What does Stonehenge have to do with memory research? A great deal!
My doctoral research at LaTrobe University looked at the way non-literate cultures stored vast amounts of information on the natural sciences and other practical knowledge. The research is published by Cambridge University Press as Knowledge and Power in Prehistoric Societies: orality, memory and the transmission of culture.
The research has now been extended and published for the mainstream reader. Titled The Memory Code, it was published in Australia in July 2016 by Allen & Unwin, and early in 2017 by Pegasus Books in the US and Atlantic Books in the UK. It is also available as an audio book through Audible.
I am continuing my research into archaeological interpretation which takes into account the way knowledge systems work when analysing monumental structures, such as Stonehenge and all the Neolithic monuments and stone circles, the moai of Rapa Nui (Easter Island), monuments across the Americas, Africa and the Pacific. Other researchers are taking my work further back into the Paleolithic, especially in interpreting cave art, something I am keen to explore further.
Having spent a lifetime trying to get the Victorian mammals, birds and spiders right (with a very limited knowledge of the plants and other animals), I knew it was impossible to maintain such a bank of knowledge just by casually picking it up out on the daily gather and hunt. Yet this seems to be the assumption of so many who write about non-sedentary cultures.
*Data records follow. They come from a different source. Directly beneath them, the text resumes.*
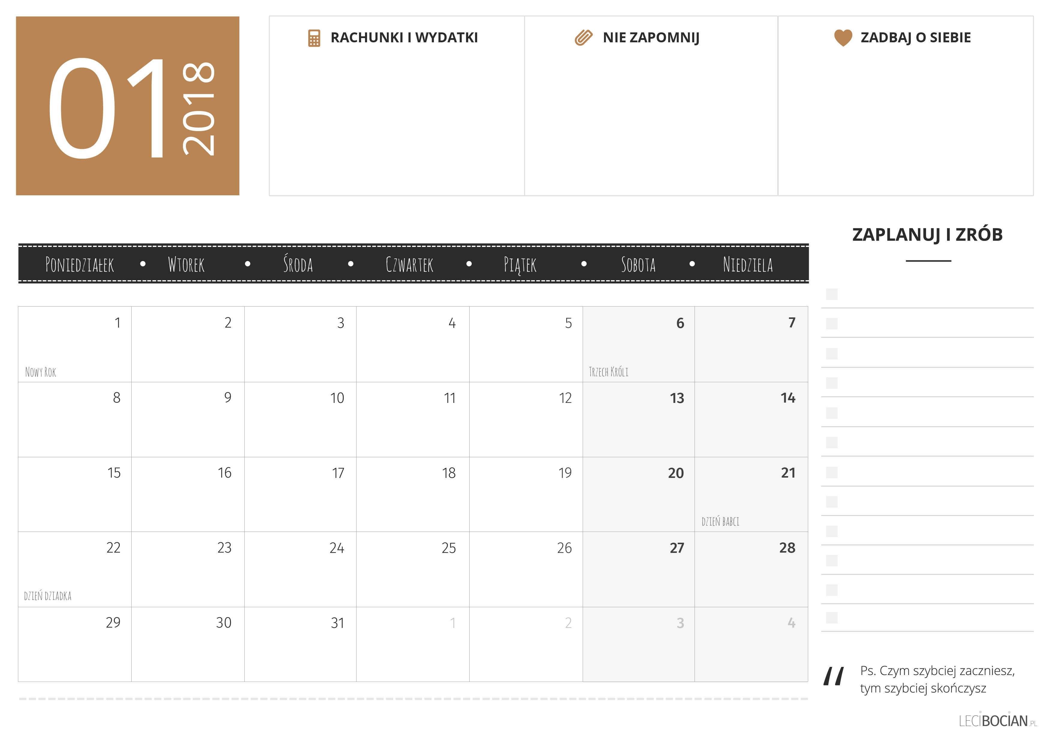 Planer do druku styczeń 2018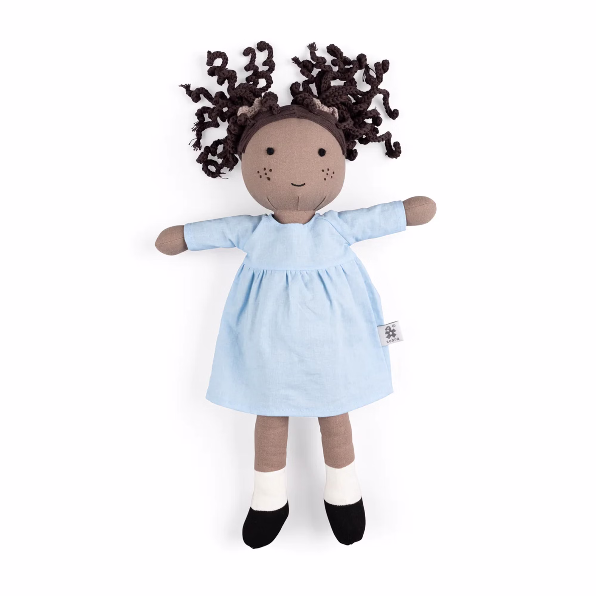 Ihr Körper und ihr Kleid sind aus Baumwolle und Leinen gefertigt und ihr hübsches dunkles Haar ist gehäkelt. Poppy misst 43 cm in der Länge und ist mit weichem, recyceltem Polyester gefüllt. Die Stoffpuppe trägt ein hübsches hellblaues Kleid, das beim Spielen leicht gewechselt werden kann und ihre niedlichen Sommersprossen sind auf ihren Wangen aufgestickt.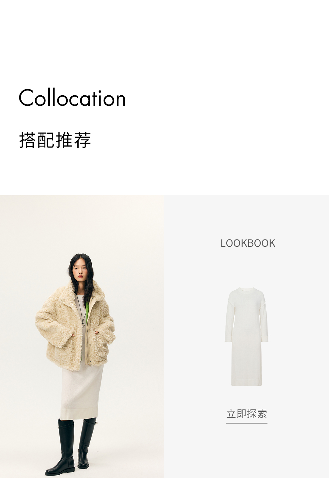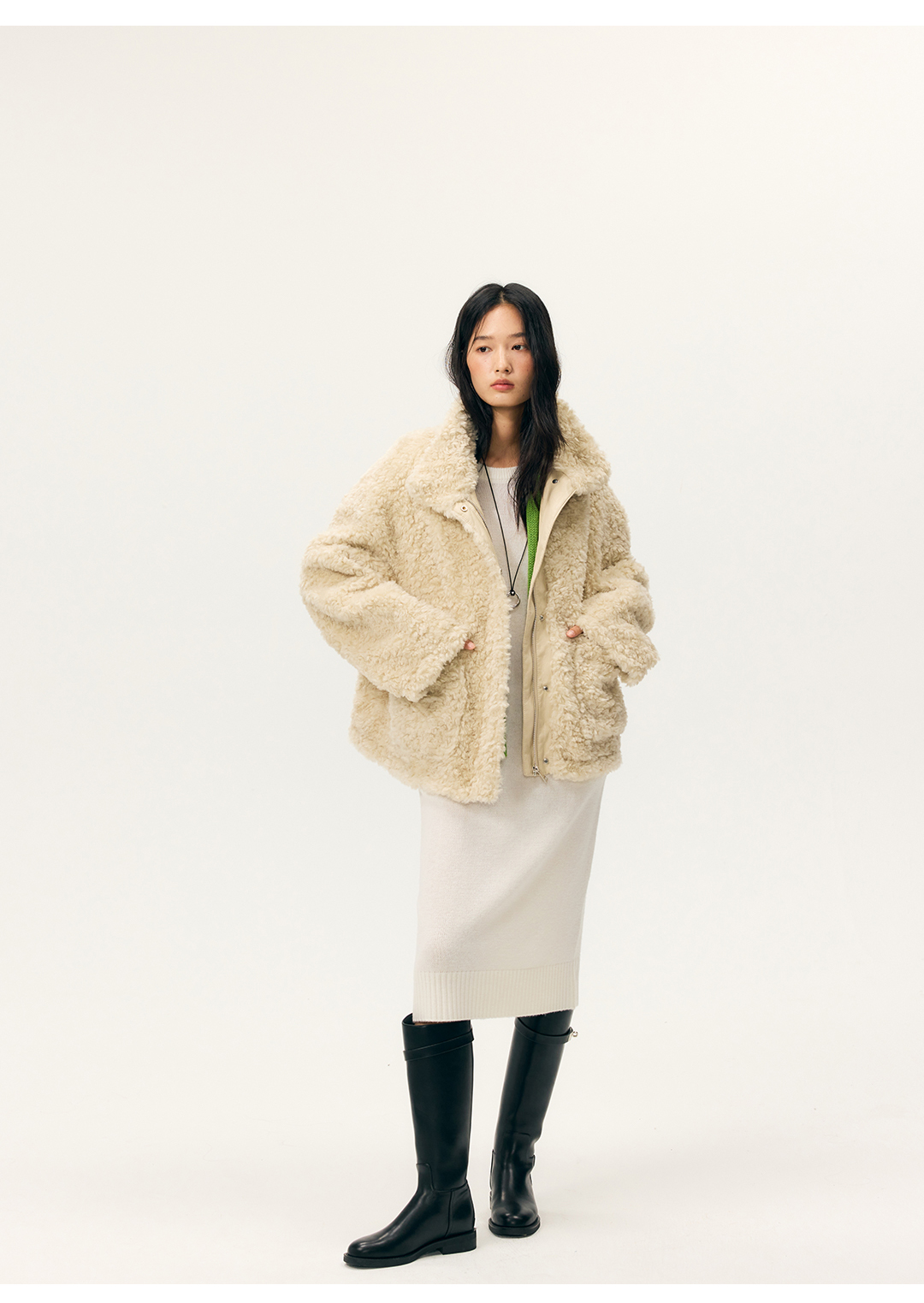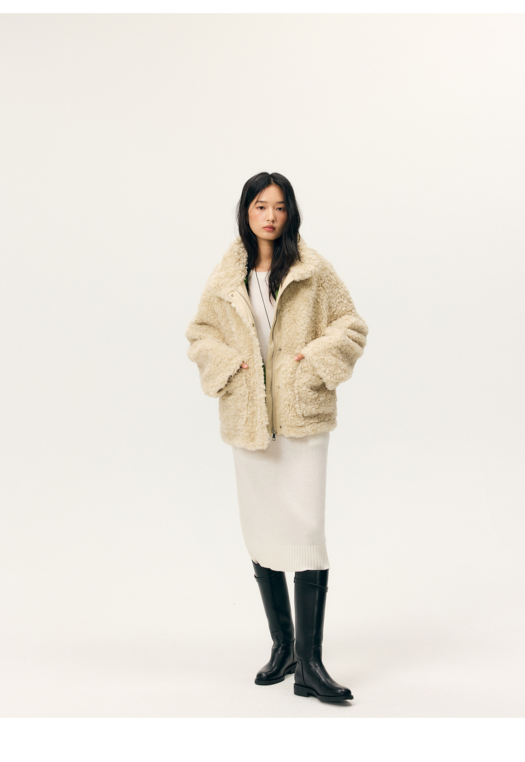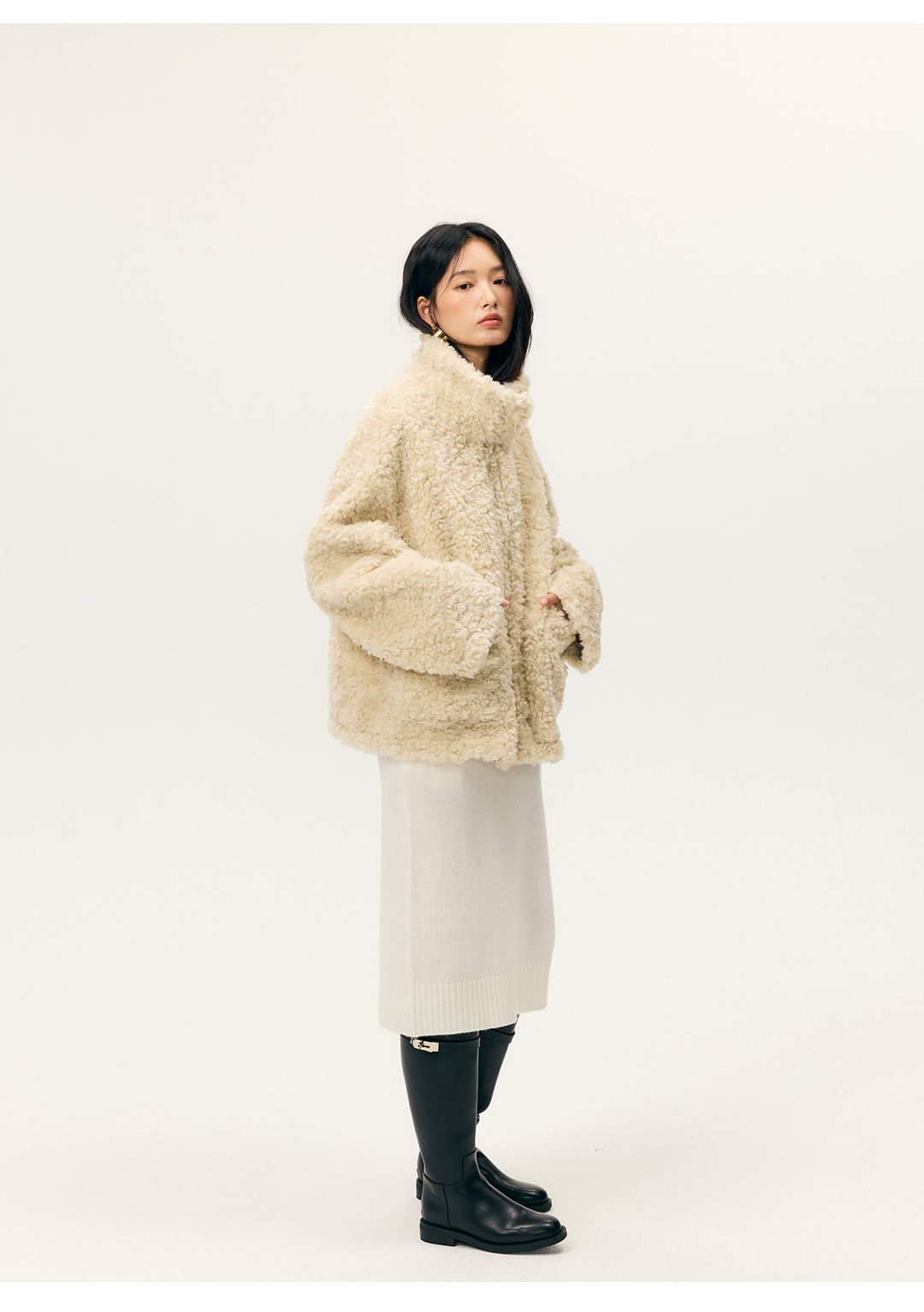 HeyDress羊剪绒卷毛立领拼皮外套
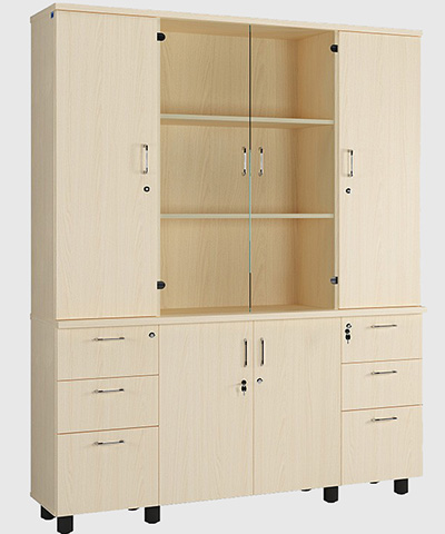 | Kiểu dáng: | 4 khoang, khoang trên có 2 cánh kính giữa để tài liệu, hai bên cánh đặc, khoang dưới giữa 2 cánh mở, 2 bên có ngăn kéo |
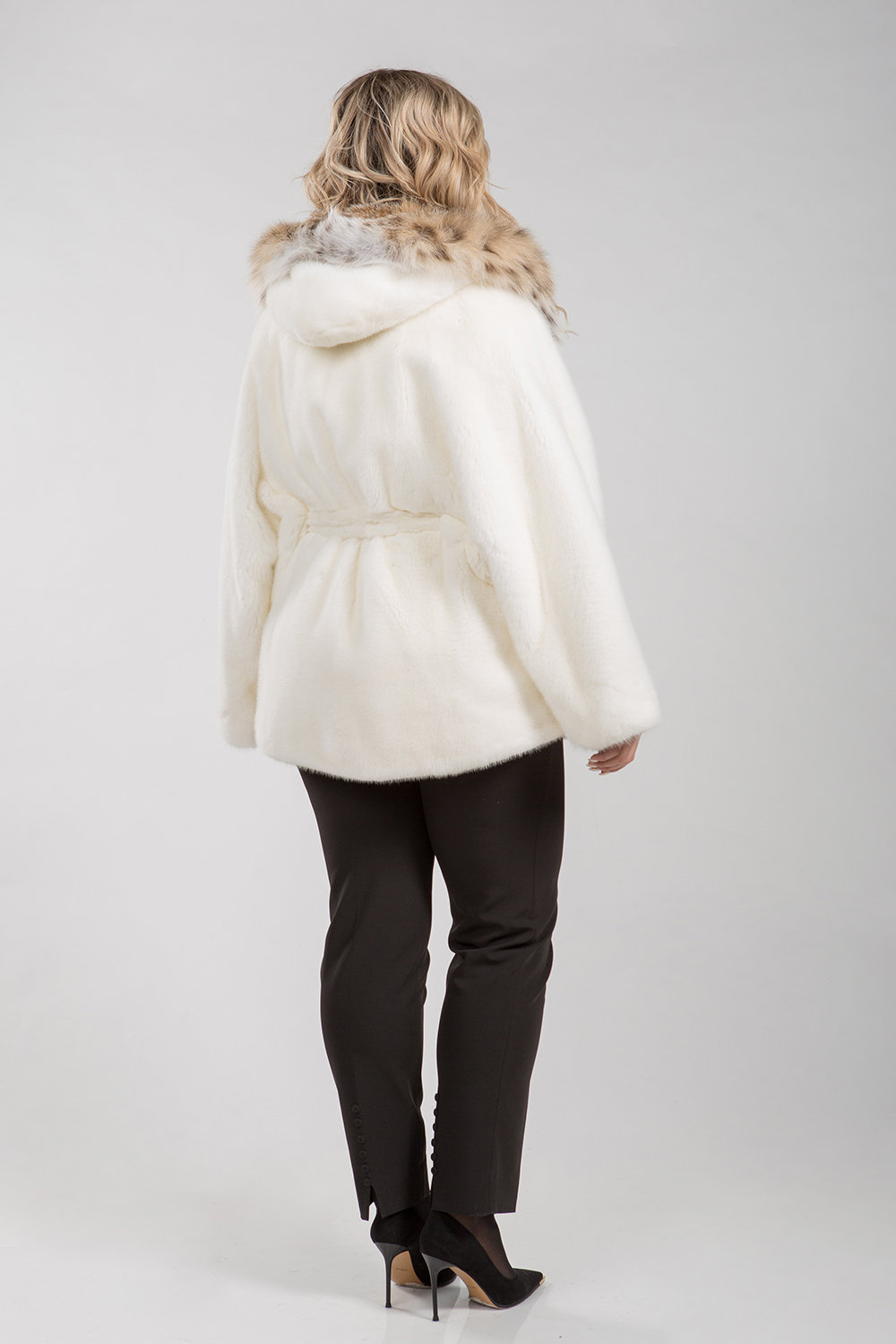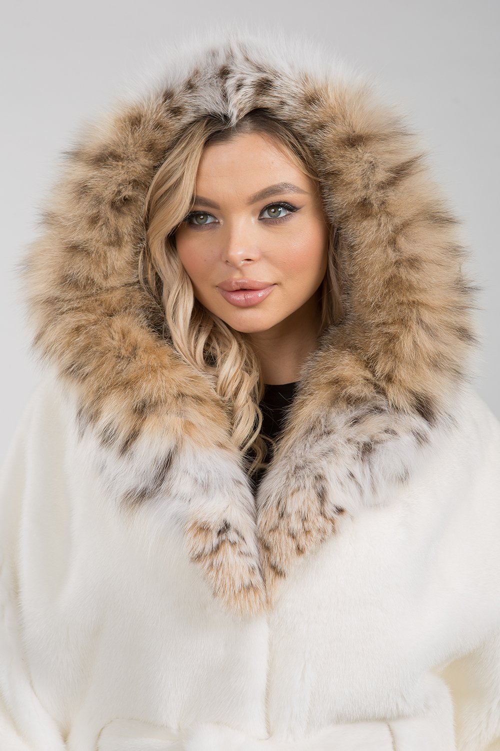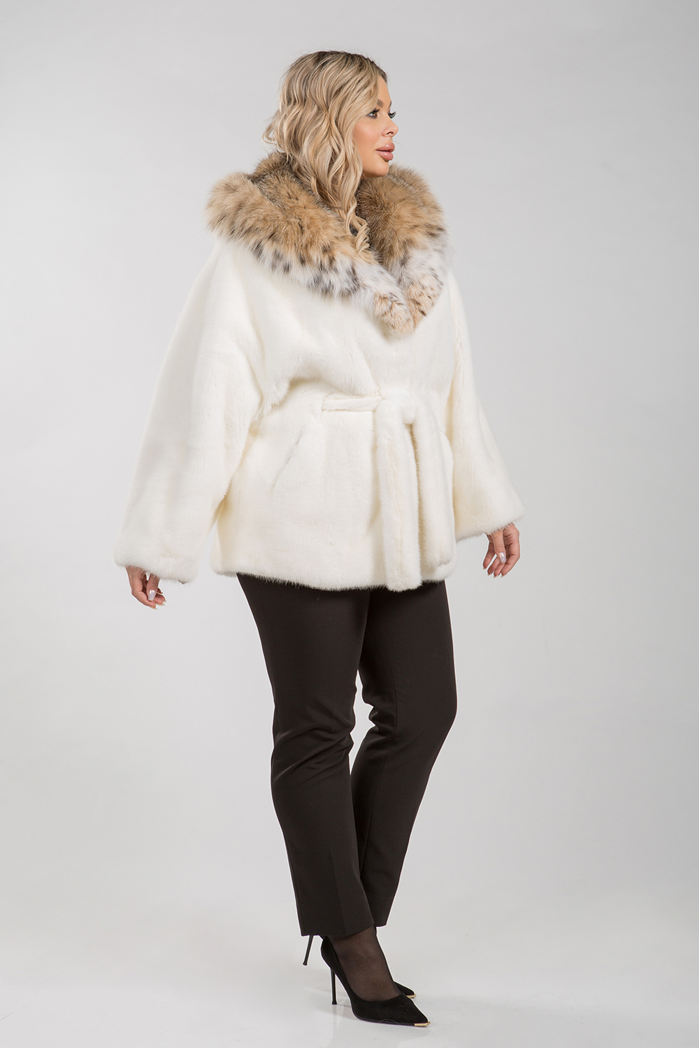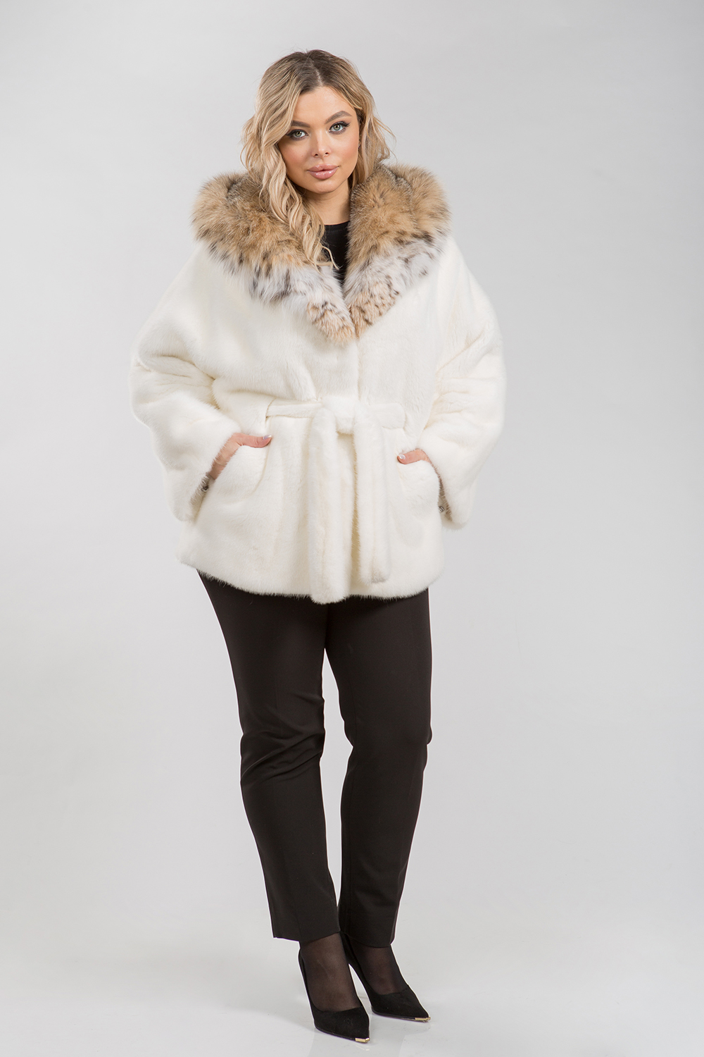 Курточка из меха норки. Капюшон модели декорирован мехом рыси. Крой изделия роспуск с добавлением пластин. На рукавах и по низу модели есть регулирующие утяжки. Длина изделия 77 см. Меховой пояс шубки продевается внутри изделия и тем самым придает курточке оригинальность. А благодаря шикарной рыси шубка выглядит очень эффектно, добавляя в образ модели нотки шика и гламура!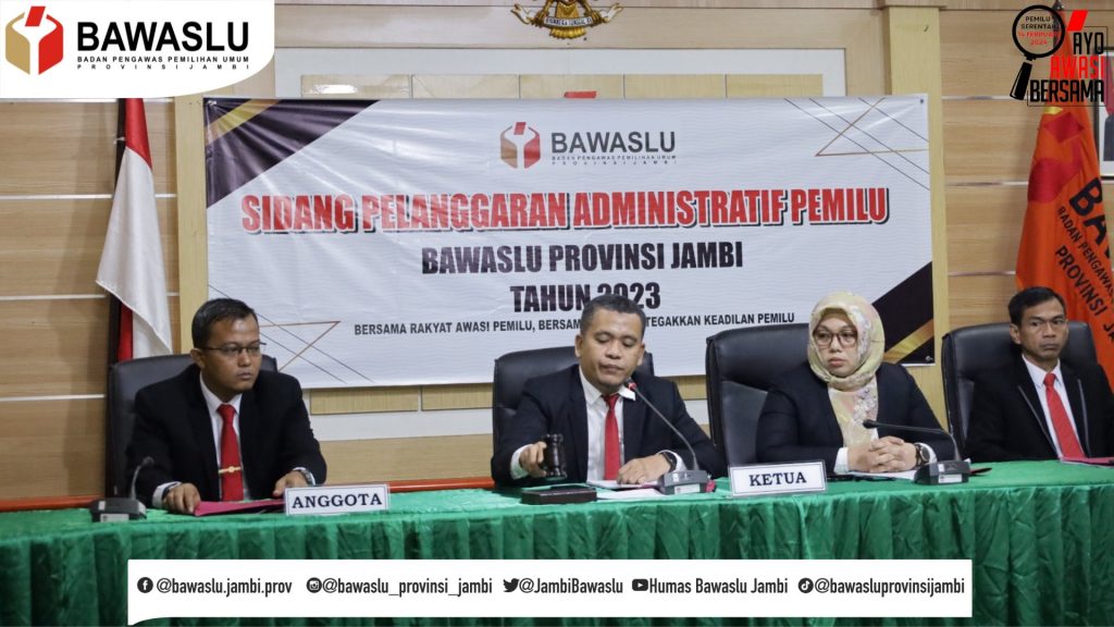 Sidang dengan Nomor Perkara 001/TM/ADM.PL/BWSL.PROV/05.00/I/2023 ini berlangsung di ruangan sidang Bawaslu Provinsi Jambi, Kamis, 16 Februari 2023 dengan Ketua Majelis Sidang Wein Arifin dan Anggota Fahrul Rozi, Rofiqoh Pebrianti dan Muhammad Hapis.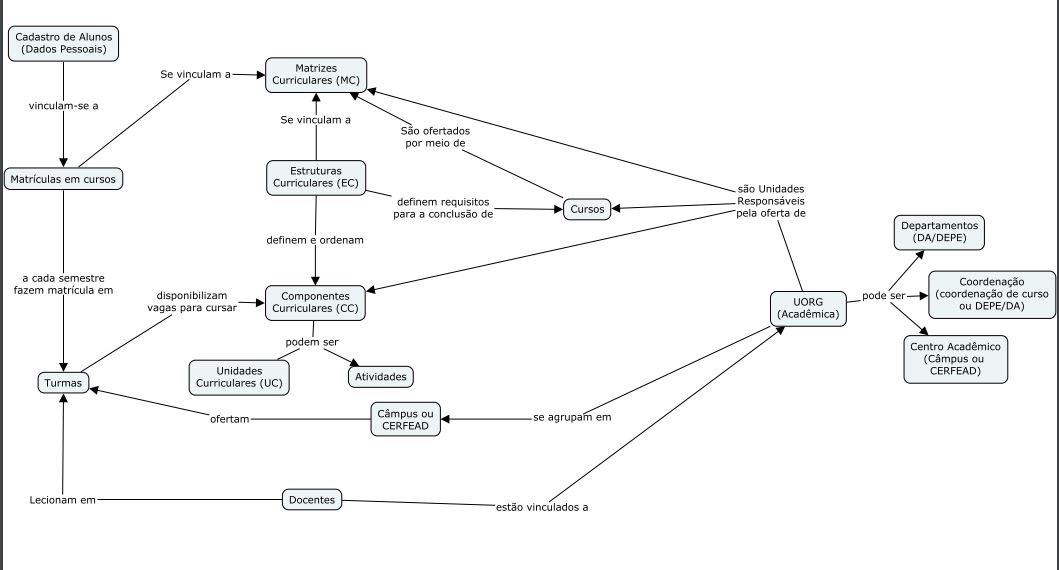 O cadastro do curso é a base do registro acadêmico, define seu nome, Tipo de Curso, Tipo de Oferta, Unidade Responsável (UORG), dentre outras. No IFSC, estamos cadastrando cursos de mesmo nome ofertados por câmpus distintos como cursos distintos, por exemplo, temos 5 cursos de engenharia elétrica, ofertados em 5 câmpus diferentes. O tipo de oferta também caracteriza cursos diferentes, por exemplo, em um mesmo câmpus, temos dois cursos técnicos de edificações, um integrado e outro subsequente.

Oral cultures are too often represented on screen and in much academic writing as some kind of quaint primitive creatures who lived in a permanent fog of superstition. If there is a female image, then it is a fertility goddess. Rituals are nebulous acts, usually interpreted as appeasing gods, even though many oral cultures don’t have gods who they worship. There is never a mention of formal knowledge systems. There is rarely, if ever, acknowledgement of human intellect, despite us all being the same species.
When I first read about oral tradition, I kept reading about history and religion. Almost nothing about science. Yet about 70% of the songs at corroborees are about animal behaviour, plant properties and other natural phenomena. The Navajo had a knowledge to three levels of classification of over 700 insects! All kept in memory – and then there are all the other animals. Plus plants, astronomy, navigation, genealogies, resource rights, marriage rules, ethics … it goes on an on. If oral cultures didn’t have formal ways of remembering so much stuff, they would not have survived. Mythology, songs, chants, dances, stories – they all greatly enhance the ability to remember pragmatic information. There is a robust body of research on that – under the topic of primary orality – my field of expertise.
Australian Aboriginal cultures embed their navigation in singing tracks – paths which crisscross the entire landscape. Along these paths are sacred places, where ‘rituals’ are performed. Those rituals include songs which encode the entire knowledge system. The sung set of landscape locations act as a set of subheadings to the entire knowledge system. My research argues that this system is akin to the ancient Greek Method of Loci, and can be found in non-literate cultures across the world.
But what happens when a mobile society, such as our Australian language groups, starts to settle? They cannot afford to lose the knowledge system embedded in the broader landscape. The solution is to replicate it locally. They can afford to adapt history and religion, but the pragmatic information, learnt over many generations, cannot be lost or they simply won’t survive. It must then be adapted to the new environment and lifestyle, again over generations. That was the question which derailed my research and sent it of into Neolithic archaeology.
For the first few hundred years, Stonehenge consisted of a circle of posts (or maybe the original bluestones) surrounded a ditch and bank. It was similar to a thousand other stone circles across the British Isles. It was much later that the massive sarsens arrived. A circle of stones is the perfect model to localise the annual cycle through the landscape memory locations.
Seven obsessive years later, with Stonehenge just one chapter in a much bigger story, and I am ready to go public with these ideas.
As well as the European Neolithic, I worked with archaeologists in America on mound building sites such as Watson Brake and Poverty Point, Louisiana, exploring evidence for the role of a knowledge elite. I also worked with archaeologists on the Ancestral Puebloan sites including the astounding Chaco Canyon, New Mexico. I fell in love with New Mexico and the Puebloan culture during my much-too-brief visit.
I am also constantly working with Australian Aboriginal cultures and learning all I can of other non-literate peoples, such as Native Americans including the hunter-gatherer Inuit and the agricultural Pueblo and Navajo, the Polynesian navigators, the African Luba and their amazing memory board, the lukasa … the list goes on and on.
I won’t be finished this research within my lifetime, so I will never be bored. What more can I ask for?